Ask about treatment methods and guarantees. Reputable companies explain their process, discuss chemical vs. non-chemical options, and offer service agreements with free re-treatments if pests return between scheduled visits. Red flags include quotes given over the phone without an inspection, pushy sales tactics, or reluctance to provide a written contract.
For homeowners managing multiple service providers across different projects, resources like ImproveNet offer tools to compare contractor options and estimate project costs. When dealing with urban pest challenges, understanding regional pest control differences can inform better decision-making.

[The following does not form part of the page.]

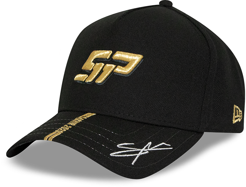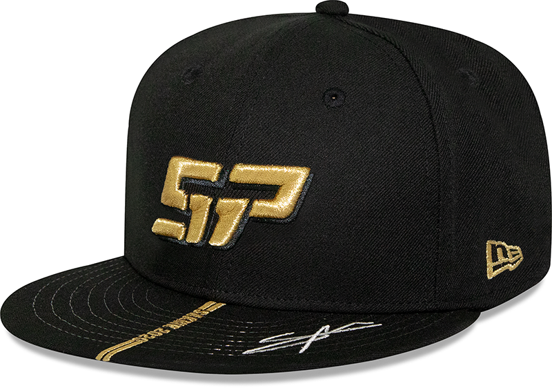 Están las siluetas 59FIFTY y 9FORTY en color negro con el logo SP bordado en color dorado, junto con la firma de ‘Checo’ Pérez y, en la visera, una sutil línea dorada que dice “Sakhir 2020”, conmemorando la primera victoria de Sergio en la Fórmula 1. |

Consider long-term prevention. Pest control isn’t a one-and-done task. Regular maintenance, caulking new gaps, trimming vegetation away from siding, fixing leaky faucets, storing firewood 20 feet from the house, keeps pests from returning. Some homeowners prefer quarterly professional visits for peace of mind: others handle monitoring themselves and call pros only when problems arise.
Conclusion
Effective pest management blends identification, treatment, and prevention. Whether tackling minor issues with DIY methods or calling in professional services for established infestations, the goal remains the same: protecting the home’s structure, health, and value. Honest assessment of the problem’s scope, combined with the right tools and knowledge, makes the difference between short-term relief and lasting control.